Dirty Teeth Reveal the Surprising Snacks of Ancient Foragers in the Balkans

August 29, 2016 | Erica Tennenhouse

Excavations of human remains at Vlasac, Serbia.
Photo credit: : Dušan Borić; caption: Excavations of human remains at Vlasac, Serbia.

Researchers study starch granules trapped in fossilized dental plaque to reconstruct Mesolithic diets.

Thanks to nine ancient men and women with poor oral hygiene, researchers have determined that foragers in the Balkans 8,600 years ago were cheating on their wild diets by supplementing them with domesticated cereals.

A look at the starch remains entrapped in the calcified dental plaque of human teeth gathered from a dig site in the central Balkans suggest that wheat and barley reached these foragers at least four centuries earlier than previously thought.

"The deposition of mineralised plaque ends with the death of the individual,” explains Emanuela Cristiani from The McDonald Institute for Archaeological Research, University of Cambridge, in a press release. That means ancient dental plaque seals a record of dietary preferences during given periods in human history.

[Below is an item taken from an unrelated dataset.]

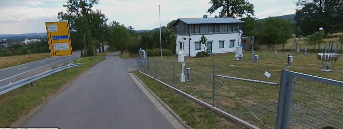 Abb. 2b: Zwei Spuren Bundesstraße Richtung Norden und zusätzlich die Abbiegespur nach Weiden. Direkt vor der Station der breite grüne Planweg. Der Hang ist leicht geneigt und entwässert nach links ins Tal. Man beobachte auch das schützende Gebäude direkt bei den Wetterstations-Elementen.

To figure out who was eating what, and when, the researchers compared the plaque content of the forager teeth to that of three women who belonged to an early farming community nearby. 

Wedged between the hunting and gathering of the Paleolithic and the farming explosion of the Neolithic sat the Mesolithic period — some continued to practice intensive hunting during this time, while others were slowly making the transition to agriculture.

The researchers argue that inland Mesolithic foragers likely had trade networks that extended into the earliest farming circles, and these avenues of exchange may account for the addition of “exotic” early domesticated crops to the foragers’ usual fare of wild oats, peas, beans, and grasses.

According to Cristiani, the microfossils trapped in dental calculus “reveal that domesticated plants were introduced to the Balkans independently from the rest of Neolithic novelties such as domesticated animals and artefacts, which accompanied the arrival of farming communities in the region."

The findings were published in the Proceedings of the National Academy of Sciences.